Na wenn du meinst...


----------



## Torsten77D (12. Aug 2009)

Ich will doch einfach nur einen Integer einlesen und in einer Variable speichern. Habe wieder vergessen, wie ich das funktioniert...
Es gibt doch bestimmt eine bessere Methode, als die, die das Buch zu bieten hat.


----------



## tfa (12. Aug 2009)

Ja, wo ist denn jetzt der Fehler? 
"funktioniert nicht" reicht nicht.


----------



## Torsten77D (12. Aug 2009)

Ja hallo ? Steht doch da, was nicht funktioniert.


----------



## maki (12. Aug 2009)

Torsten77D hat gesagt.:


> Ja hallo ? Steht doch da, was nicht funktioniert.

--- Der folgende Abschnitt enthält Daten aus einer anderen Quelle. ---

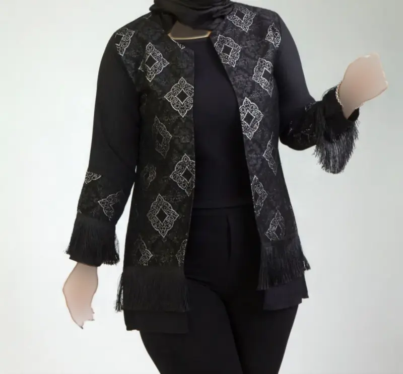 ارائه دهنده خرید عمده پوشاک زنانه، کت مجلسی مازراتی با طرح سنتی و جزئیات ریشهدار. این محصول با تلفیق زیبایی طرحهای سنتی و کیفیت پارچه مازراتی، انتخابی ایدهآل برای بوتیکها و فروشگاههای پوشاک است.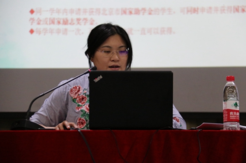 讲座首先介绍了我校资助体系的基本情况,我校资助体系是以国家资助为主体,社会资助为支撑,学校资助为重点,奖、贷、助、勤、补、减六位一体,统筹协调的完善资助体系。接下来,杨赛老师主要围绕国家助学贷款,奖学金,助学金和应征入伍服义务兵役学费补偿贷款代偿及学费资助四个主要方面对我校学生资助政策展开了详细的介绍。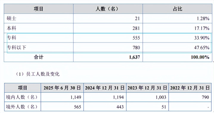 截至2024年末,新富科技员工学历专科及专科以下占比超8成。本科以上的仅有302人,占比为18.45%,其中研发人员为118人,占比仅6.88%,不足高新企业所要求的研发技术人员占比10%的标准。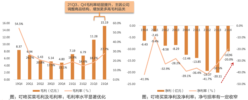 經典案例:根據叮咚買菜招股書、叮咚買菜年報、叮咚買菜季報、叮咚買菜2021Q4業績會紀要、天風證券研究所等綜合資訊表明,叮咚買菜公司毛利率從2019年的17.1%增至2021年的20.1%,原因在于公司商品力的不斷提高:1)公司自產自加工能力提升,產生額外毛利;2)公司上游供應鏈的長期投資開始見效;3)高毛利品類(如預制菜)的比例上升。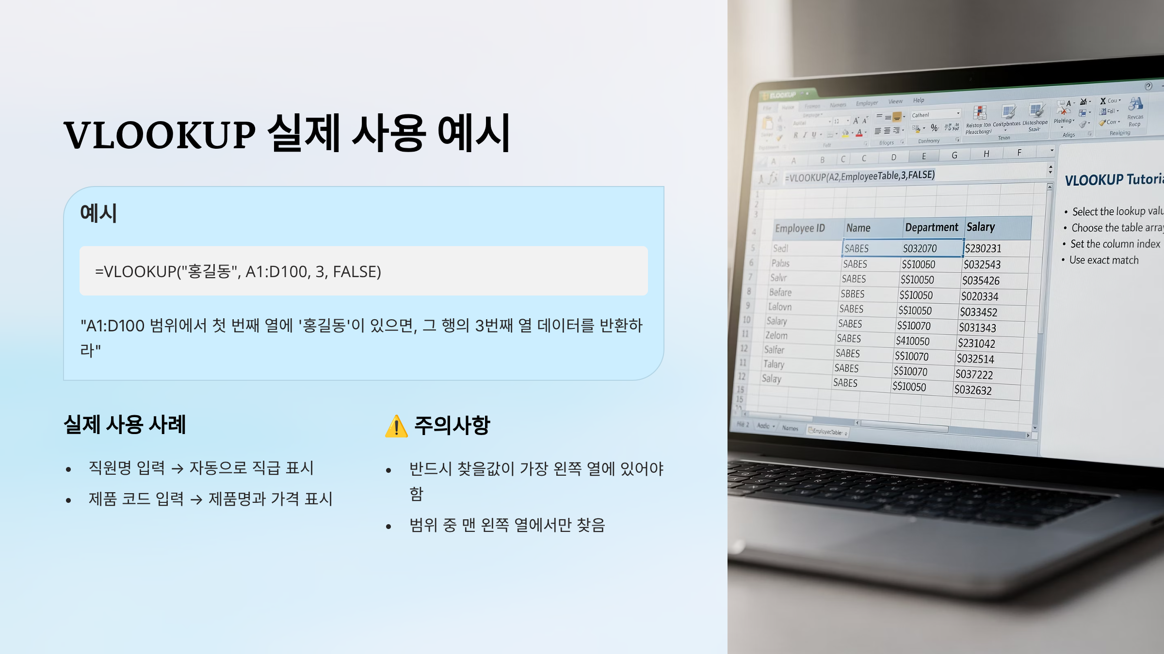 - 찾을값: 찾고자 하는 데이터 (예: 사원명, 제품코드)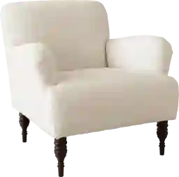 At once plush and polished, the Quinella accent chair has a generously cushioned look that adds classic comfort to your living room, bedroom, study or office. Traditional turned legs provide a studious finish. Crafted by hand in Illinois, USA. Customer assembly is required. Spot clean only. 100% Polyester. This piece is made to order and may take up to 6 weeks to deliver.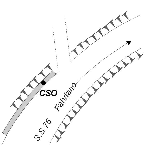 | Contrassegni | [{"simbolo_contrassegno":"B2","materializzazione":"(CSO) Bulloncino cementato sul cordolo della strada, a monte di un bivio con la strada sterrata."}] |

Wenn du damit meinst, "der import funktioniert nicht", dann fällt mir eigentlich bygones Post ein, hast du das denn schon mal probiert?


----------



## Torsten77D (12. Aug 2009)

bygones hat gesagt.:


> auja... raten ... ich fang mal an
> 
> ist das eine klasse ? liegt sie im selben Verzeichnis ... -> dann brauchst du kein import
> ist es eine Klasse in einem eigenen package -> auf ordnerstruktur achten und importieren
> ...



Wie gesagt, es ist eine Klasse, liegt im selben Verzeichniss, ich soll sie aber importieren. Dies Klasse soll man sich hier runterladen: Sprechen Sie Java? 
und in das entsprechende Verzeichniss legen. 
Und was das mit dem Classpath soll, wurde in der Uni leider auch nie vernünftig erklärt. Und was ist ein jar ?


----------



## maki (12. Aug 2009)

Du kannst keine Klasse importieren die im default package liegt 
Sie ist aber auch so verfügbar, ohne import.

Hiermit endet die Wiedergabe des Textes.